Lines from the beginning of the data through the line containing "Fernando Cañarte con" are to be copied exactly, with no other line included.

Extracted records
<<<<

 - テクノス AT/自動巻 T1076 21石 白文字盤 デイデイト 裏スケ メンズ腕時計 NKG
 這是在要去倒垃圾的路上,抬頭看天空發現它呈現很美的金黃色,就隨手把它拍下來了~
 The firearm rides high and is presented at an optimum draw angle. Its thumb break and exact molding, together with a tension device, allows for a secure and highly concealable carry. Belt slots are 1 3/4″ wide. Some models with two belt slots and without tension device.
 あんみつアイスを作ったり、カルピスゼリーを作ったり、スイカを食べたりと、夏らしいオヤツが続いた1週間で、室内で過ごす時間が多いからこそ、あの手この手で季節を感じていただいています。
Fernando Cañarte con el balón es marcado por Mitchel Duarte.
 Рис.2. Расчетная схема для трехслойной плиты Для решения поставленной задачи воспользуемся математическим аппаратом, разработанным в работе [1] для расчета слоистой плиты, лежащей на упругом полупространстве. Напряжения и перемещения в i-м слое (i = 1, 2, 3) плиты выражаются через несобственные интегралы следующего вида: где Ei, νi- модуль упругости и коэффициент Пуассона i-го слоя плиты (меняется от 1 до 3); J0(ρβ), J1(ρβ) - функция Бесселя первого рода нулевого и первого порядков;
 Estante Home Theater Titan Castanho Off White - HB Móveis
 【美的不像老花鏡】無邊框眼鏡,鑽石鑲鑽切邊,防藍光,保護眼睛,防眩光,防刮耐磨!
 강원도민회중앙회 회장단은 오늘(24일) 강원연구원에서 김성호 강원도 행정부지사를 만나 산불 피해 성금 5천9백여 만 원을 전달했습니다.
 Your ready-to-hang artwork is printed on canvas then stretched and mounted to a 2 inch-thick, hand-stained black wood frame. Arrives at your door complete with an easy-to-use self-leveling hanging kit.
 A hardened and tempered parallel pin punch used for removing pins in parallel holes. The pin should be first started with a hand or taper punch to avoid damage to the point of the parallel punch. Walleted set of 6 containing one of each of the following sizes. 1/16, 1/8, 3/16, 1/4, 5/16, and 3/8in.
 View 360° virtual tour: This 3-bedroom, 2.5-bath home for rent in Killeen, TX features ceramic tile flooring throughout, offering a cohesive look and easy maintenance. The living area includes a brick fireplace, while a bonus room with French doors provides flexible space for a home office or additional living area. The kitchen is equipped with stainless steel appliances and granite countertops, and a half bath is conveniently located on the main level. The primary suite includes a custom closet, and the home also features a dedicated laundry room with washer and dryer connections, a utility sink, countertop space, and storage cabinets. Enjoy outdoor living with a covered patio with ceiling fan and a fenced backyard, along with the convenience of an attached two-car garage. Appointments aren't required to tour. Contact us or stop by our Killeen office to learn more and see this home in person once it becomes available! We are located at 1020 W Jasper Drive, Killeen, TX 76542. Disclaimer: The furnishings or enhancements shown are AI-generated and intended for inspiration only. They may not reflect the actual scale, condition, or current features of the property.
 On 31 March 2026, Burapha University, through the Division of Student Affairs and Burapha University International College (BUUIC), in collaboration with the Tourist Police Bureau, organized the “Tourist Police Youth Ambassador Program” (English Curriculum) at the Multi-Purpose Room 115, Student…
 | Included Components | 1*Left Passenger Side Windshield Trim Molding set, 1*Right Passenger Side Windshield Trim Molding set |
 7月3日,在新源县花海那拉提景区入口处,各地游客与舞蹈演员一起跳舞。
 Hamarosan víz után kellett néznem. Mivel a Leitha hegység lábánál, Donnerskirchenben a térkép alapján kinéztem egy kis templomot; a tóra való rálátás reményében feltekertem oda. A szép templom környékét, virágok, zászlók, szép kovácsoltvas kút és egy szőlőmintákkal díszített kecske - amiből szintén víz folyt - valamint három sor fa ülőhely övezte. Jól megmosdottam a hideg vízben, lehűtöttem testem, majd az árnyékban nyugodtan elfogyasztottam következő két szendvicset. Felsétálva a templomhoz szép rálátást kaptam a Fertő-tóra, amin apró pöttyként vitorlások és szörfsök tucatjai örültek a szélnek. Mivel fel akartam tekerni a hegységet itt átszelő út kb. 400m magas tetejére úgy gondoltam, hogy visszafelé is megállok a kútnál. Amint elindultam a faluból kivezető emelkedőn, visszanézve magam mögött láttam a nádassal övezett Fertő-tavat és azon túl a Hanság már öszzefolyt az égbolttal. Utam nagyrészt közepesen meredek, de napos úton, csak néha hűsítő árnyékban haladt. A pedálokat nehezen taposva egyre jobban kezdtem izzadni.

>>>>

*TASK RESPONSE*:
 - テクノス AT/自動巻 T1076 21石 白文字盤 デイデイト 裏スケ メンズ腕時計 NKG
 這是在要去倒垃圾的路上,抬頭看天空發現它呈現很美的金黃色,就隨手把它拍下來了~
 The firearm rides high and is presented at an optimum draw angle. Its thumb break and exact molding, together with a tension device, allows for a secure and highly concealable carry. Belt slots are 1 3/4″ wide. Some models with two belt slots and without tension device.
 あんみつアイスを作ったり、カルピスゼリーを作ったり、スイカを食べたりと、夏らしいオヤツが続いた1週間で、室内で過ごす時間が多いからこそ、あの手この手で季節を感じていただいています。
Fernando Cañarte con el balón es marcado por Mitchel Duarte.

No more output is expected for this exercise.